Hi
I am currently running multiple (6) Nagios instances across multiple projects. My concept is to run one Nagios instance per project, each responsible for the machines below them and with project specific tasks.
Yes, I could roll all of these into one Nagios instance but this is not the question.
I have checked Google and Nagios Exchange looking for a plugin and if there is nothing out there I will build one myself. I want to know if anyone has any experience with this.
Question: Is there a Nagios plugin which will check the overall status of another remote Nagios instance, either through NRPE and a local script, or over authenticated HTTP(s) to the cgi-bin, simply reporting on how many are OK / Warning / Critical / Unknown, etc in each checked instance. HTTP(s) would be preferred.
If not, can someone point me in the direction of how to query and understand the responses of a single Nagios instance. If there is not any existing plugins I will start looking at Nagstamon for guidance on how to achieve this.
Nagios script to check Nagios
-
- Posts: 13
- Joined: Mon Feb 14, 2022 5:39 am
Re: Nagios script to check Nagios
Monitor everything you have time to configure to be monitored plus anything which is really critical.
On all of my Linux systems I monitor:
Current Load
Current Users
Disk Space
NTP Time
Ping
Swap
Total Processes
backup has run
crond running
mail queues
md raid
munin
ntpd running
postfix running
puppetd running
ssh
sshd running
And on particular machines I monitor such things as:
various websites checking that they are reachable, the page retrieved contains certain content, and it responds within a certain amount of time.

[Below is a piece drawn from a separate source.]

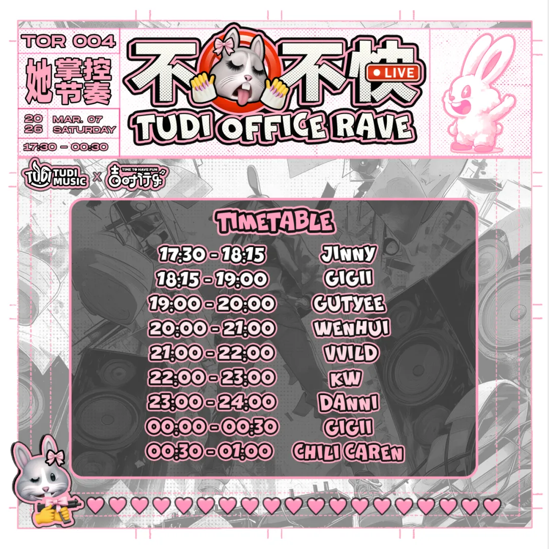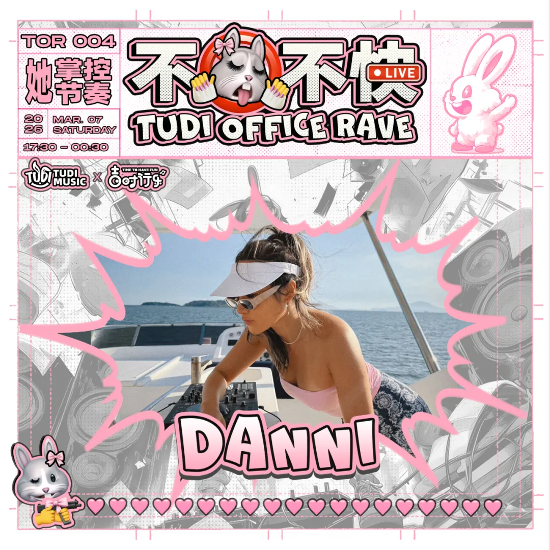 她偏爱充满能量的音乐。常活跃于地下俱乐部、户外场景、艺术展览等多元化场景,为她所在的空间注入巨大的能量。她策划的实验性艺术活动落地全球各地,推动艺术与音乐的跨圈融合。

That certain processes or events have occurred within a certain amount of time
certain values such as the average of a certain number of fields in a database table within the last hour is within certain tolerances
and various and sundry other things that can happen (or NOT happen) as the case may be. It is pretty easy to write custom scripts to monitor whatever you want. I graph many thousands of items with munin in a similar way. I set it up once, write a puppet manifest for it, then puppet handles it on new machines from then on. It is pretty simple to deploy this stuff now. In just one of my nagios installations (I have a few) I have 80 hosts and 1120 services being monitored and that's nothing compared to what some people azar echatspin have.
On all of my Linux systems I monitor:
Current Load
Current Users
Disk Space
NTP Time
Ping
Swap
Total Processes
backup has run
crond running
mail queues
md raid
munin
ntpd running
postfix running
puppetd running
ssh
sshd running
And on particular machines I monitor such things as:
various websites checking that they are reachable, the page retrieved contains certain content, and it responds within a certain amount of time.
That certain processes or events have occurred within a certain amount of time
certain values such as the average of a certain number of fields in a database table within the last hour is within certain tolerances
and various and sundry other things that can happen (or NOT happen) as the case may be. It is pretty easy to write custom scripts to monitor whatever you want. I graph many thousands of items with munin in a similar way. I set it up once, write a puppet manifest for it, then puppet handles it on new machines from then on. It is pretty simple to deploy this stuff now. In just one of my nagios installations (I have a few) I have 80 hosts and 1120 services being monitored and that's nothing compared to what some people azar echatspin have.